Marek: - Praca ze świadomością, że jak komuś powinie się noga, to skończy w prokuraturze, jest ogromnym ciężarem. Teraz znów każdy się boi. Gdy prezesa nie było, ludzie się uśmiechali, rozmawiali, a nie szeptali. Jest dezorganizacja, bo musimy się bronić przed kłamstwami, które opowiada w mediach. Na przykład, że pracownicy zeznawali przeciwko niemu za łapówki. Frustrujące jest to, że widzimy, że jak ma się w garści sądy i prokuraturę, to można wszystko.

Paweł Kawecki
Paweł Kawecki o odwołaniu prezesa WiK w Opolu (nagranie z 8 listopada 2022 roku)
Źródło: TVN24

Decyzje po myśli prezesa

W grudniu zapytaliśmy prezesa Jakiego, czy obawia się powrotu do pracy przy tak dużej niechęci pracowników. Wcześniej pisaliśmy o tym, że powrotu prezesa do pracy nie chcą dwa z trzech działających w WiK Opole związków zawodowych. Apelowali oni o zakaz pracy dla prezesa i zabezpieczenie dóbr spółki. Trzeci związek zawodowy, najmniej liczny, bronił prezesa, a spółkę nazwał "miejscem gierek uprawianych przez Prezydenta Miasta Opola Arkadiusza Wiśniewskiego".

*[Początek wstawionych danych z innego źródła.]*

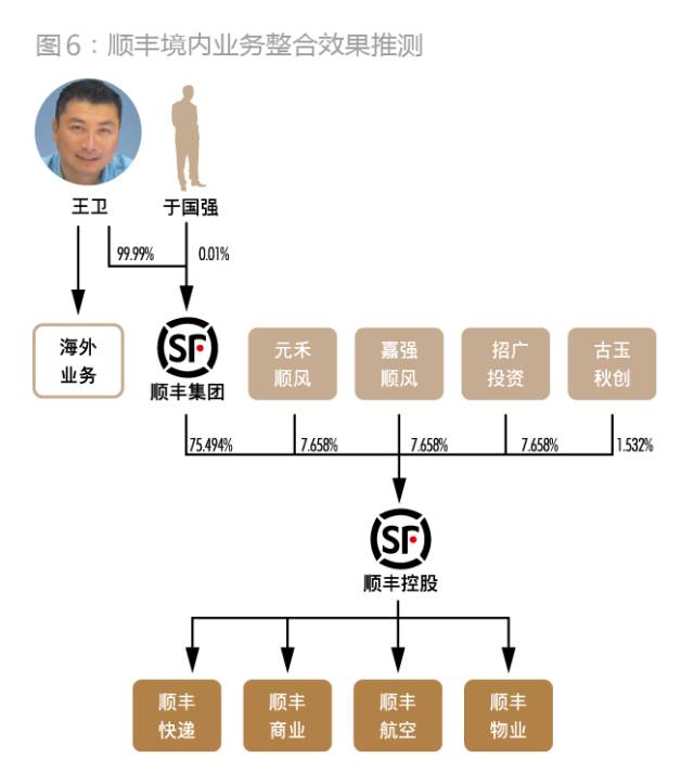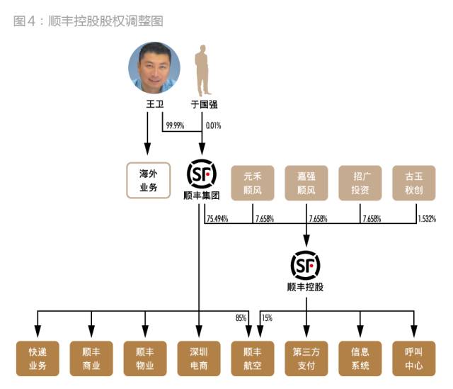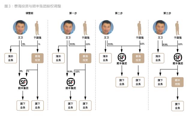 首先,2013年5月9日,王卫分别受让于国强所持泰海投资0.99%股权、受让泰海投资所持顺丰集团0.99%股权。经过调整,股权架构不会发生变化,只是于国强持有泰海投资、泰海投资持有顺丰集团的股权比例都变为0.01%。

Prezes Jaki odpisał na wtedy na pytania w punktach:

"1. Sprawdziłem. Trzy działające związki zawodowe w spółce liczą dokładnie 148 osób. Z tego za wysłaniem pisma negatywnie oceniającego moją pracę głosowało 58 osób na 148 w związkach i około 310 w firmie. Więc nie stanowią nawet 1/5 pracowników. 2. Wielu było również za mną w czasie, kiedy groziło to zwolnieniem i szykanami, czego doświadczyło już wiele osób.  3. Wcale się nie dziwię, że najgłośniej krzyczy przewodniczący jednego ze związków, wobec którego jest prowadzone postępowanie o korupcję. Dostał awans i wysoką podwyżkę za obciążenie mnie wymyślonymi zeznaniami. Okazuje się, że takich osób było więcej, co przyznał na konferencji prasowej członek zarządu pan Kawecki.  4. W tej sytuacji istotne myślę jest to, że zatrudniona na kierowniczym stanowisku została Agnieszka M. mająca prokuratorskie zarzuty i zakaz kontaktów z wieloma osobami w firmie. Jestem pewny, że ten fakt również zostanie przez Panią odnotowany.  5. A obecnie funkcję prezesa pełnił, przez chwilę co prawda człowiek, który był aktywny w ZOMO w represjonowaniu wolnościowych demonstracji.  6. To już kolejna decyzja sądu po mojej myśli, zarówno jeżeli chodzi o próby zawieszenia jak i odwołania - pokazująca że wszystko do tej pory było zmyślone i jest formą represji za ujawnienie afery przetargowej jednej z najważniejszych osób prezydenta Opola". 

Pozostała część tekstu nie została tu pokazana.